Improving the accuracy of search is of utmost importance to companies like Google and Yahoo, and one of the best ways to do this is to incorporate text analytics (AKA text mining) into the back end.
Let’s take a typical enterprise search engine and break down the steps that go into an actual search. First, a database of unstructured content is fed into a pipeline, where it is converted into a structured document. That document is then fed into an index, and when a person queries the index, results appear.
Text analytics occurs within the pipeline, before the content is indexed, where it analyses the content and extracts meaningful metadata such as entities being discussed, sentiment, and themes.
The information gained from the text mining process can then be used to create a more efficient search. A common tool for this purpose is faceted search. Any time you’ve used an advanced search option while using a search engine, you’ve been using faceted search. It is particularly useful because it enables cross-referencing through all of that metadata.
Faceted search engines come in a variety of complexities and flavours. Major retail websites use rudimentary faceted search to narrow down the categories in which you are searching, while databases such as ones for academic or legal documents may have a more complex set of cross referencing tools.

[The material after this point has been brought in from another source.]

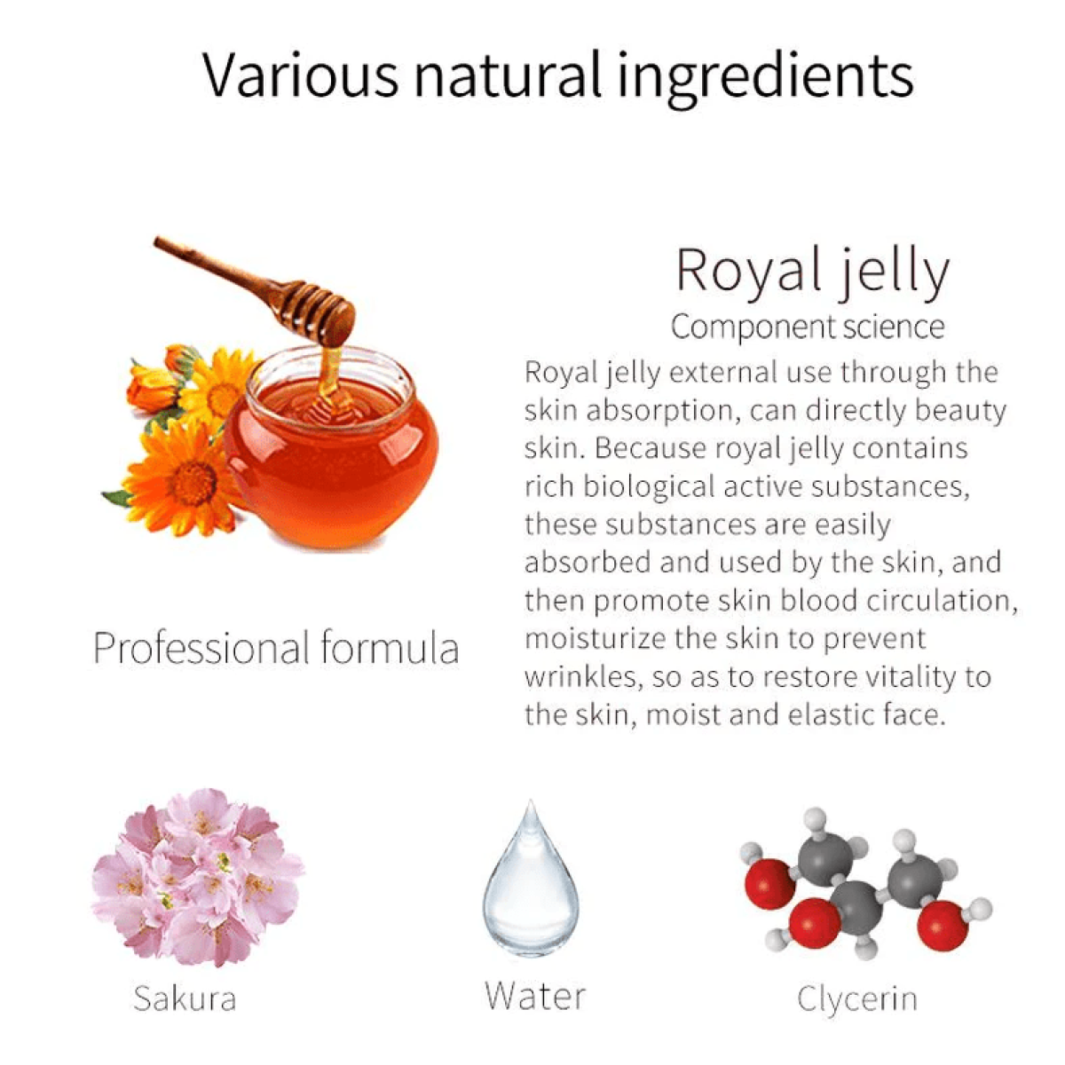 Aqua, glycerin, butylene glycol, dipropylene glycol, phenoxyethanol, chlorphenesin, allantoin, carbomer, panthenol, PEG-60 hydrogenated castor oil, triethanolamine, prunus serrulata flower extract, royal jelly extract, disodium EDTA, aloe barbadensis leaf extract, boswellia serrata gum extract, fragrance, sodium hyaluronate, sodium polyacrylate.

Text analytics is crucial for word sense disambiguation. Word sense disambiguation is the process of determining what meaning of a word that has multiple definitions is being used in a sentence.
In a typical string based search engine, a search for a term with multiple definitions is going to yield results for all possible uses of the word. Using text mining, the context of the rest of the sentence or phrase in which the word is located is used to determine what the word refers to, when that knowledge is applied to search, it improves the relevance of search results.
More than anything, text mining’s power in search is that it allows you to ask more general questions like “who’s hot and who’s not?” and “is there any breaking news I need to know?” and get results that actually answer those questions.
All in all, the ability to add context and extract metadata from unstructured content before it is indexed makes search engines a far more powerful tool.